Wife. Blogger. Adventurer. Creative. Youth Pastor. Homemaker. Christian. Dog-mom. Beach bum. Shopping enthusiast. Colorful. Plant lover. Sun-kissed.
These are the words that come to mind when describing my life and who I am.
But there’s a piece of me that is a silent struggle and makes up a large chunk of my being.
I was born to a beautiful family a healthy, happy baby. But I had one hiccup that my parents handled with grace and beauty. That hiccup is cystic fibrosis.
Cystic fibrosis is a genetic disease that creates a salt and water imbalance throughout the body causing the body’s mucus to become thick and sticky. This creates a breeding ground for bacteria, blocks airways in the lungs, and blocks the pancreas from not secreting enzymes and insulin; and without enzymes and insulin, the body can’t digest food or break down sugar, resulting in low nutrients to the body and abnormal blood sugars.
Because of this, I had debilitating issues that most “normal” kids wouldn’t think of growing up.
On a daily basis, I have to do a series of treatments and medication that helps my lungs and body stay the healthiest they possibly can. I take anywhere from 25-35 enzymes to help break down my food to digest and gain the nutrients from it. I do 4-6 breathing treatments a day…some to keep my lungs moist, some to thin the mucus, and some are antibiotics that I inhale to keep infection from brewing. I take 8-12 vitamins and supplements a day to help with bone strength; keep liver enzymes down in order to prevent liver disease; insulin through a pump for diabetes; probiotics to keep the good bacteria in my body in check; and several others for various issues.
It’s never an easy battle to face. I have had several hospitalizations where I would be on IV antibiotics to combat harsh infections; and sometimes even come home with the IV’s and be on them for up to 8 weeks (3-4 per day). My hospitalizations and at-home IV therapy has gotten in the way of ministry, school, work, and every day life. I have had to cancel plans last minute and stay indoors to prevent infections.
But the medications are not the only part of managing cystic fibrosis. Mental health is so important to manage as well. Because (and I believe it goes without saying) staying home or in a hospital and missing out on plans and friends would take a toll on the healthiest person’s mental health. For instance, breaking out in hives the week before prom (BOTH years) is devastating to a teenage girl; as well as, being in the hospital 2 weeks leading up to your WEDDING DAY…I mean, c’mon. But mental health is easier to mange with the right team in your corner. I have an amazing husband, wonderful parents, and a loving family who supports me in every area of my journey. Oh, and an adorable fur baby who doesn’t mind snuggles on days when I feel bad (or any day for that matter).
But cystic fibrosis isn’t all terrible days and medications. I have been given so many opportunities throughout my 25 years with CF. I’ve had the privilege of speaking in front of thousands advocating about a disease that is in dire need of publicity. I have had the chance to share my story so many times.
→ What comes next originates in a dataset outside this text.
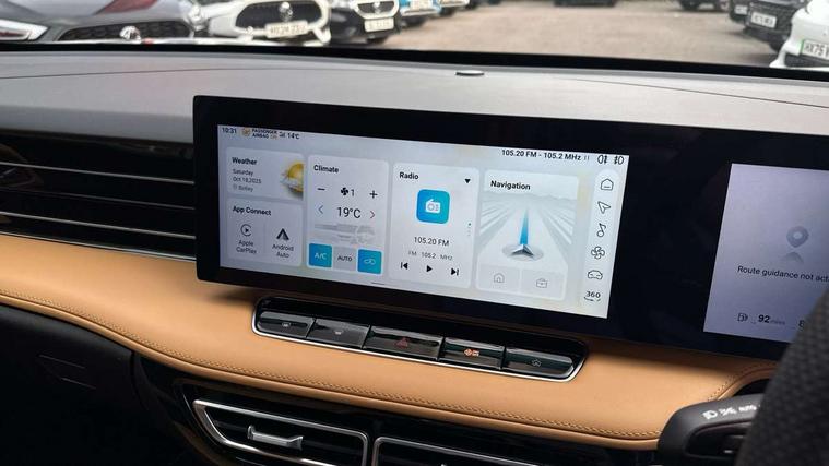 Driver attention alert, 12.3" colour touchscreen, 12.3" Virtual driver information display, 360 degree parking camera, Adaptive cruise control, Android Auto, Apple CarPlay, Blind spot detection, Bluetooth connectivity, Driver memory function, Emergency call service, Forward collision warning, Front parking sensors, Intelligent speed limit assist, iSmart, Lane change assist, Lane keep assist system (LAS) with Lane departure warning system (LDWS), Live services, PAS, Power tailgate, Rear cross traffic alert, Rear parking sensors, Satellite navigation system, Traffic jam assist, Trip computer, Wireless charging, 4 USB ports 2 front and 2 rear, 8 Speaker audio system, DAB audio, Auto dimming rear view mirror, Automatic headlights, Electric adjustable/heated/folding door mirrors with memory, Follow me home headlights, Front and rear aero wiper, Front and rear electric windows with one-touch up/down, Front fog lights, Intelligent high beam, LED 3rd brake light, LED daytime running lights, LED Headlights, LED rear lights, Rain sensing wipers, Rear privacy glass, Rear side wing doors, Silver roof rails, Vehicle to Load, 12V power sockets, 2nd row 60/40 split fold seat, 3 rear headrests, 3 seat bench in 2nd row, 3 stage heated front seats, 4 way electric adjustable passenger seat, 6 way electric adjustable drivers seat + lumbar support, Dual zone automatic air conditioning, Front and rear reading lights, Front centre sliding armrest with storage compartment, Front headrests, Height and reach adjustable steering wheel, ISOFIX restraints on outer rear seats x2, Multi function steering wheel, Single passenger seat, 3x3 point rear seatbelts, ABS/EBD, Active emergency braking with pedestrian/Bicycle detection, Anti rolling protection, Door open warning, Drivers seatbelt reminder, Dual front airbags, Electric parking brake with auto hold function, ESP, Front and rear passenger seat belt reminder, Front centre airbag, Front passenger airbag deactivation switch, Front seat belt height adjuster, Front seatbelts (3-point + pretensioner + load limiter), Front side airbags, Hill descent control, Hill launch assist, Manual rear child locks, Rear outer seatbelt pretensioner and load limiter, Side curtain airbags, Tyre pressure monitoring system, Alarm system and engine immobiliser, Keyless entry and push button start system, Remote central locking, Speed sensing door locks, 19" Blade diamond cut alloy wheels, Tyre repair kit,

I have been given writing and blogging opportunities. I’ve met some of the most amazing people and CFers who inspire me even to this day. I was able to choose a Make-A-Wish trip and go to New York after I graduated high school. Cystic fibrosis opens the doors for so many incredible opportunities.
So, I take it day-by-day and hour-by-hour and I do the best I can to protect my lungs and my life. I have a strong support system, flexible schedule, room for grace and forgiveness of myself on the days when I don’t do all I should, and the love of Jesus covering me until the day that I am healed and CF has a cure.